Finding Electric Field of a Uniformly Charged Sphere & Plane

[matpo39]

ok i was flying through the homework no prob. then i hit this problem and i got an answer but i don't think its right.

A uniformly charged sphere of radius R and volume charge density \rho_0 is adjacent to a uniformly charged infinite plane of surface charge density \sigma_0. the charge densities are related by
\sigma_0=\frac{\rho_0R}{2}
the center of the sphere is a distance d from the plane. Find two points, one inside the sphere and one outside the sphere where the electric field is oriented away from the plane at a 45 degree angle with respect to the z axis.[note these points are not on the axis] (in the figure the infinite plane lies in the xy plane )
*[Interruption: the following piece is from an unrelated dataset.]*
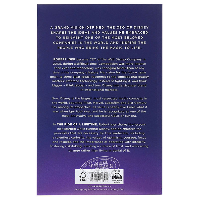一生 The Iger 预售 Robert Lifetime Ride Walt 旅程:迪士尼CEO罗伯特·艾格传记 英文原版 中商原版 Disney
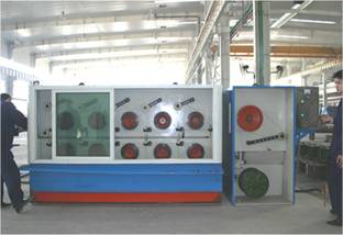 并列式连续拉丝机是一种用于拉拔金属线材的直进式连续拉丝机,将组成一台或两台连续拉丝机的所有单拉丝机按2~4列并排分布并以水平形式同时安置在一个带有垂直平面的机架上,将所有的模盒装置也设在机架上并使之与水平面成一定夹角,产品具有占地少、有利于提高劳动生产率及实现卫生和文明化生产。

well i started this off by finding the electric field inside the sphere

\vec{E_s}=\frac{\rho_0R}{3\epsilon_0}

i then found the charge of the infinite plane via the pill box gaussian surface and came up with
\vec{E_p}=\frac{\sigma_0}{2\epsioln_0}=\frac{\rho_0R}{4\epsilon_0}

\vec{E_s}+\vec{E_p}=\frac{7\rho_0R}{12\epsilon_0}

and breaking to components i got
\frac{7\rho_0R}{12\epsilon_0}(cos45+sin45)

and by a similar approch i got
[\frac{\rho_0R}{\epsilon_0}(\frac{R^2}{3r^2}+\frac{1}{4})](cos45+sin45)
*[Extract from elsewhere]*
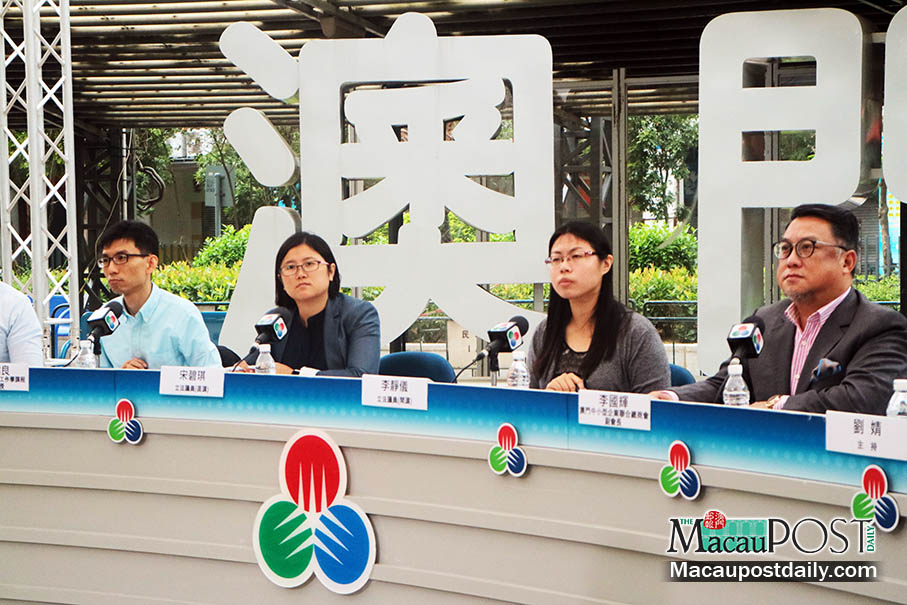Victor Lei Kuok Fai (first from right), who chairs the Federal General Commercial Association of Macau Small- and Medium-sized Enterprises, lawmakers Ella Lei Cheng I (second from right) and Song Pek Kei (second from left) and Dicky Lai Wai Leung, a social work professor at the Macau Polytechnic Institute (IPM), participate in yesterday’s forum in Areia Preta Park. Photo: Debby Seng

like i said i don't think this is right, so if some one could help me out a bit that would be great

thanks

 

[quasar987]

Mmmh. There's a problem here: you write \vec{E}= \mbox{a scalar}. What are the directions of the E_P and E_S vectors? Write them in cartesian coordinate for a coordinate system centered on the sphere, and find the condition on E_p + E_s to be at 45°.

Oh, and your field equations look wrong. The field inside the sphere is not uniform.